Ceza Yasası’nda on beş yaşın altındaki çocuklara karşı cinsel istismar eylemlerinin cezalandırılmasında zorlama koşulu aranmamaktadır.  Bu yaşın altındaki çocukların rızasından söz edilemezken, 15-18 yaş arasındaki çocukların cinsel davranışları “reşit olmayanla cinsel ilişki” olarak TCK 104. maddede ele alınır.[2] Buna göre on beş yaşından büyük bir çocukla zorlama, tehdit ve hile olmadan cinsel ilişkide bulunan kişi, mağdur şikâyetçi olursa cezalandırılır. Ayrıca mağdurun şikâyeti olsa bile her olay kendi koşulları içinde değerlendirileceği için yargılama sonunda fail cezasız da bırakılabilir.

2016 yılından bu yana ortaya atıldığı her dönemde kadın örgütlerinin güçlü tepkileri ile geri çekilen çocuğun cinsel istismarı suçu konusundaki yasa değişikliğinin bugünlerde yeniden gündeme getirildiğini ve yasaya geçici madde eklenmesi için Meclis’te baskı yapıldığını görüyoruz. Daha önce de yargı paketleri kapsamında yasalaşacağı konuşulan değişikliğe birçok kadın örgütü, meslek kuruluşu, #ÇocukİstismarınınAffıOlmaz sloganıyla karşı çıkarak; yasanın kabul edilmesi durumunda doğabilecek tehlikelere dikkat çekmeye devam ediyorlar. Bu düzenlemedeki ısrarcı tavrın istismar suçu failine af getirme çabası olduğu altı çizilen eleştiriler arasında.[3]  Çocuğun cinsel istismarı suçunun affı, 2005 yılında ceza yasasından çıkarılan mağdurun “tecavüzcü ile evliliği durumunda cezasızlık sağlayan” maddenin geri getirilmesi sonucunu doğuracaktır.[4] Kadınların uzun mücadeleleriyle yasalarda yapılan iyileştirmelerin “bir kereden bir şey olmaz” mantığı ile geri alınmak istendiğini bu tasarıda da görüyoruz. Ayrıca failin cinsel istismara maruz bırakılan çocukla evlenmesi koşuluyla affedilmesi, tecavüz vakalarının “aile çatısı” altında örtülmesine ve görmezden gelinmesine yol açacaktır. Böylece aile içi tecavüz bir kez daha meşrulaştırılmış olacaktır.

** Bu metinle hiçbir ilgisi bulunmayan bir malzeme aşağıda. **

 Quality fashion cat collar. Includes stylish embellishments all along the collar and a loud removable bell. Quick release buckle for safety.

TCK 103/2 Maddesi ve Değişiklik Teklifi Nedir? 

Değişiklik teklif edilen Türk Ceza Kanunu 103/2 maddesinde, on beş yaşını tamamlamamış ya da tamamlamış olsa da eylemin anlam ve sonucunu algılayamayan çocuklara karşı vücuda organ veya bir cisim sokulması suçunun (tecavüz) cezası on altı yıl hapistir.

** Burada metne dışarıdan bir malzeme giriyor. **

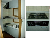 システムキッチン、ビルトイン ガスコンロ、レンジフードという設備です。
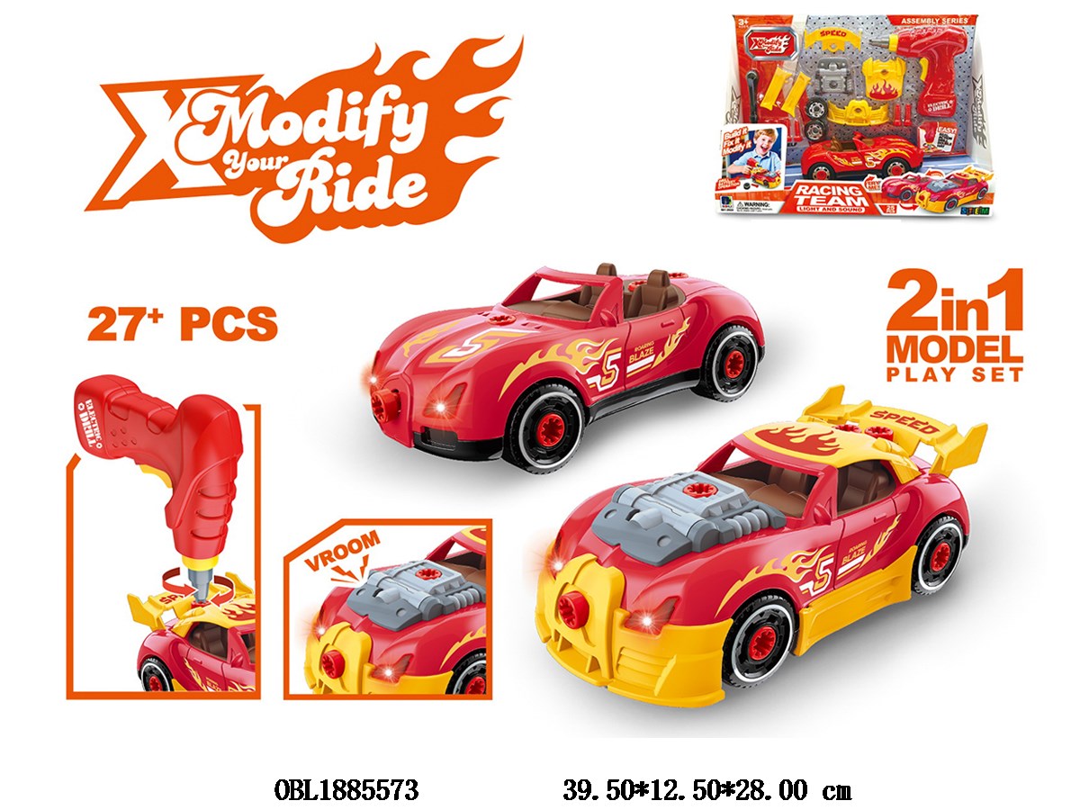 2-in-1 disassembly and assembly car with lights and sound 2 * AG13, including electric drill 2 * AA, not including electricity

Sosyal medyada dolaşımda olan yasa teklifiyle, on beş yaşın altındaki kız çocuğuna karşı nitelikli cinsel saldırı suçunu işleyen fail yararına, geçmişe dönük olarak cezasızlık/af getirilmek isteniyor.  Zorlama, tehdit, hile veya iradeyi etkileyen başka bir neden olmadan TCK. 103. maddesinin 2. fıkrasındaki suç için mahkumiyet kararı verilmesi durumunda bu cezanın infazının ertelenmesi öngörülüyor. Bunun için aranan koşullar;

  • Yasa teklifi yapıldığı tarihte mağdur ile failin evlenmiş olması,
  • Suçun işlendiği tarihte failin başka biriyle evli olmaması,
  • Mağdurun şikâyetinin bulunmaması,
  • Suçun işlendiği tarihte mağdurun on dört yaşına girmiş olması,
  • Mağdur ile fail arasında 15 yıldan fazla yaş farkının bulunmaması,

olarak sıralanıyor. Cezasızlığın/affın failin yanı sıra aileleri de kapsaması amaçlanıyor.

Gerçekten de mağdurun suç tarihinde on dört yaşına girmiş olması demek on üç yaşındaki çocuktan söz etmektir. On beş yaşından küçük çocukların cinsel istismarı suçunda şikâyet aranmazken, “mağdurun şikâyetinin bulunmaması” koşulu da çelişki yaratmaktadır. Rızadan söz edilemeyecek bir yaş grubu için şikâyet veya bundan vazgeçme söz konusu olmayacaktır. Bu durumda mağdur çocuğun inisiyatifi dışında düzenlenen yasayla faile “örtülü af” getirilmek istendiği anlaşılmaktadır.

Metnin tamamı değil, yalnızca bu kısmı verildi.